Лучшее лекарство

.

Перевод: 

.

Некоторые люди, когда больны, ноют и стонут. Уж я-то знаю. Я – один из них. Я скулю, ною и выжимаю из ситуации все что можно. А мишенью упомянутого нытья становится обычно Айя. Он с этим неплохо справляется. В смысле, он еще не убил меня на месте. Даже в тот раз, когда я прошмыгнул в его комнату, потому что «замерз».

На самом-то деле, мне приснился кошмар после того, как я выпил холодную микстуру. Ненавижу эту гадость… Она выуживает образы, пока ты спишь, превращает их в якобы реальность, а затем… Ну да, я трясся и чертовски много ныл. А Айя?.. Он встал, спустился вниз по лестнице и приготовил мне миску супа.

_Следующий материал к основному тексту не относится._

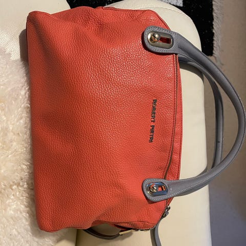 Käsilaukku, nahkaa, niiteillä, ostettu Pariisista, koko 24x30ja pohjan leveys 12 cm. Merkki Devernois. Mukana dustbag.
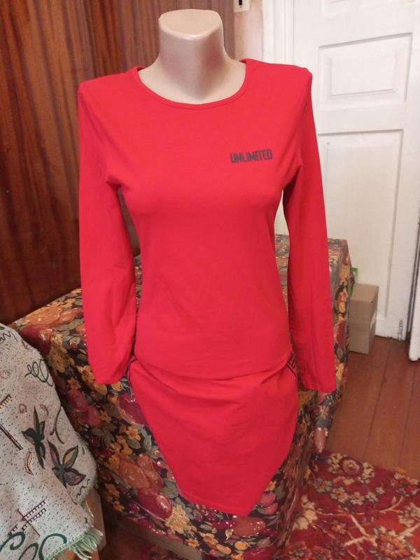 дуже гарна плаття з надписями по бокам. Бірки немає, тканина катон, приємна до тіла і добре тягнеться. Розмір с, м, л. опис стан отлічний довжина 88 рукав 60 ширина груді 39 ширина бедер 42

Я думаю, каждому это нужно, когда он болеет. Не обязательно суп. А просто чтобы кому-то было не все равно, понимаете? Чтобы кто-то знал, что тебе нужно и не поленился дать тебе это. Лично мне нужно что-нибудь теплое и тихая компания. А что нужно Айе… хм… понятия не имею. Раньше я не замечал, чтобы он болел. А я завел привычку наблюдать за этим парнем.

Который все еще не спустился вниз, чтобы помыть посуду, хотя сегодня его очередь. Из-за которого я, предположительно, наиленивейший сукин сын в доме, сейчас по локти в мыльной воде. И который уже больше часа торчит в чертовом душе и перевел всю горячую воду, отчего я не могу домыть эту долбаную посуду. Ага, тот самый парень.

Мыльный пузырь лопается, и я раздраженно опускаю взгляд на свои красно-лиловые пальцы. Думаю: "Ну, все. Если этот осел не дает мне возможность сделать для него доброе дело, то и черт с ним", – бросаю тарелку, которую как раз мыл, обратно в мутную мыльную воду и топаю наверх, чтобы выволочь из душа его неблагодарную задницу.

Постучав в дверь и не получив ответа, поворачиваю ручку. Она легко поддается, что… странно: Айя всегда запирает дверь. Сквозь плотную завесу пара меня встречает недобрый взгляд. Удивительно, как он еще не задохнулся. Начинаю было говорить:

– Какого черта? – Но прежде чем я успеваю закончить, до меня доходит. Айя и его методы самолечения. – Ах, черт. Ты же заболел, верно?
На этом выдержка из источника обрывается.